› Por Mario Goloboff *
“La derecha la muerte.” Con este título encabezaba la célebre escritora francesa Marguerite Duras una de sus escasas y alarmadas notas en el diario Le Monde, cuando parecía que el poder se les escapaba ya a los socialistas, arribados al gobierno, casi milagrosamente, en 1981, de la mano de François Mitterrand, uno de cuyos primeros actos públicos fue conceder la ciudadanía a dos escapados de regímenes totalitarios, Milan Kundera y Julio Cortázar (este último venía solicitándola, sin éxito, desde hacía muchos años).
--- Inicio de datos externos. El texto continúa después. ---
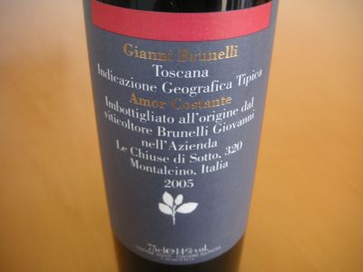 AMOR CONSTANTE IGT 2005永恒之爱红酒产自位于意大利中部Tuscany托斯卡拿省偏东南的Montalcino蒙特先奴山丘,那里的葡萄园平均在500米以上,土壤和天气都是造好酒的佳件。酒厂以男酿酒师Gianni Brunelli兹安尼布讷里先生来命名。布先生既是酿酒师,也是庄主,还是热爱艺术的大画家。很可惜,布庄主在2008年11月中去世,留下“永恒的爱”与几款年分上佳的Brunello di Montalcino DOCG和副牌的Rosso di Montalcino DOC红酒及整个园庄此等遗产给夫人Laura Brunelli女士,让她把酿酒业再续前缘。

Otro acto, más trascendente aún, en el país de la guillotina y los ajusticiamientos a mansalva, y contra la mayoritaria opinión de sus conciudadanos, fue la abolición de la pena capital.
La autora de Moderato Cantabile y de El amante, y del guión, entre otros grandes títulos, de Hiroshima mon amour, quien sucumbiría al cáncer y al alcohol antes de finalizar el siglo, alertaba entonces contra el desértico paisaje que se presentaría a los franceses si las maniobras políticas y el discurso de la derecha lograban imponerse en el seno de la sociedad europea: la pérdida de la diversidad, de la pluralidad, de lo multiétnico y lo multirracial, de lo multicultural, la diferencia, la contradicción, la riqueza, en fin, que es lo que hacen poderosa e irradiante una cultura, una nación, una comunidad.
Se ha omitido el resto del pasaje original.